Opinião: EUA e Cuba, um degelo completo

Silvia Ayuso

A um ano do início da normalização de relações, falta o mais difícil: suspender o embargo

As altas temperaturas em Washington neste dezembro não servirão para completar o degelo entre EUA e Cuba, iniciado há um ano. Os 12 meses transcorridos desde que os presidentes Barack Obama e Raúl Castro anunciaram a normalização de relações, depois de mais de meio século de hostilidades, foram um turbilhão de mudanças políticas e comerciais.

Mas ainda falta o principal obstáculo para a aproximação, o embargo contra a ilha. O caminho iniciado por Obama é praticamente irreversível. Mas completar a tarefa provavelmente ficará nas mãos do próximo presidente dos EUA. E de um Congresso que não consegue se definir.

Obama acaba de reiterar um desejo: visitar Cuba antes de deixar a Casa Branca. Caso se cumpra, e nada parece capaz de impedi-lo, será o primeiro presidente americano a pisar na ilha em quase um século.

Não será seu único recorde cubano. Em 2015, Obama se reuniu em duas ocasiões com Castro, o que também não acontecia há meio século, e foi o artífice da histórica reabertura das embaixadas em Washington e Havana.

Os EUA e Cuba acabam de restabelecer o serviço postal e estão prestes a relançar os voos comerciais diretos. Já há acordos de cooperação em áreas como o meio ambiente, e se iniciou o diálogo sobre os temas mais espinhosos, como as desapropriações e os direitos humanos, embora esse caminho seja mais longo.

Apesar disso, as empresas americanas não perderam tempo para se posicionar em Cuba. Lá já estão Netflix e Airbnb, enquanto empresas de ferry-boats e cruzeiros terminam suas ofertas à ilha, mesmo que de forma limitada.

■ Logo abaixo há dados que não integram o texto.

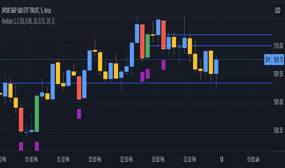 I use blue and yellow regular candles. and so the keybars are colored red and green. you may need to change this. In case the user uses other candle color overlays, the keybars are also denoted via a purple square below the candle.

E é limitada porque, apesar dos avanços, fazer turismo é algo que ainda é oficialmente proibido para os americanos. Também não foram liberadas as relações comerciais. O freio é do embargo. Raúl Castro deixou claro que sem a suspensão dessa sanção, à qual Cuba atribui há meio século a maioria de seus males, não haverá uma verdadeira normalização de relações. Obama também pede seu fim. Mas isso, só o Congresso pode fazer, e este ainda não deu o passo definitivo.

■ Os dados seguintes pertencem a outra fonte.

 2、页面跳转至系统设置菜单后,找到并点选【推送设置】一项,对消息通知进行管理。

James Williams recomenda paciência. "Temos de superar 55 anos de desconfiança e hostilidades", lembra o diretor da Engage Cuba, que promove a normalização de relações. Mesmo assim, está convencido de que é só questão de tempo. "A grande batalha acabou. Agora só estamos discutindo a velocidade do modo de levantar o embargo, não se vamos levantar ou não."

Para tanto, indica Marc Hanson, especialista em Cuba no Escritório em Washington para a América Latina (WOLA na sigla em inglês), Obama conta com aliados inesperados: alguns dos legisladores republicanos mais conservadores apoiam o fim do embargo com base no princípio libertário de que o governo não deve interferir em liberdades ou direitos individuais.

Já há várias propostas de lei para desmantelar o embargo. E todas são patrocinadas por republicanos. O que falta é "educar" legisladores suficientes para ter os votos necessários, explica o ex-assessor parlamentar.

Nesse sentido, 2016 será, segundo Williams, um "ano chave". E mesmo que a campanha eleitoral possa dificultar as coisas Williams e Hanson estão certos de que é possível avançar. "Se os candidatos republicanos pensassem que (opor-se à normalização) os beneficia, falariam disso sem parar, mas não estão dizendo nem uma palavra", lembra Hanson.

Mas que a mudança política seja "irreversível" não quer dizer que já esteja totalmente garantida, e aí Cuba também deve jogar sua parte e demonstrar que está disposta de todo modo a consolidar as mudanças, salientam. "Cuba precisa compreender que esta é uma oportunidade que não pode deixar passar e que as portas não ficarão abertas para sempre", adverte Williams.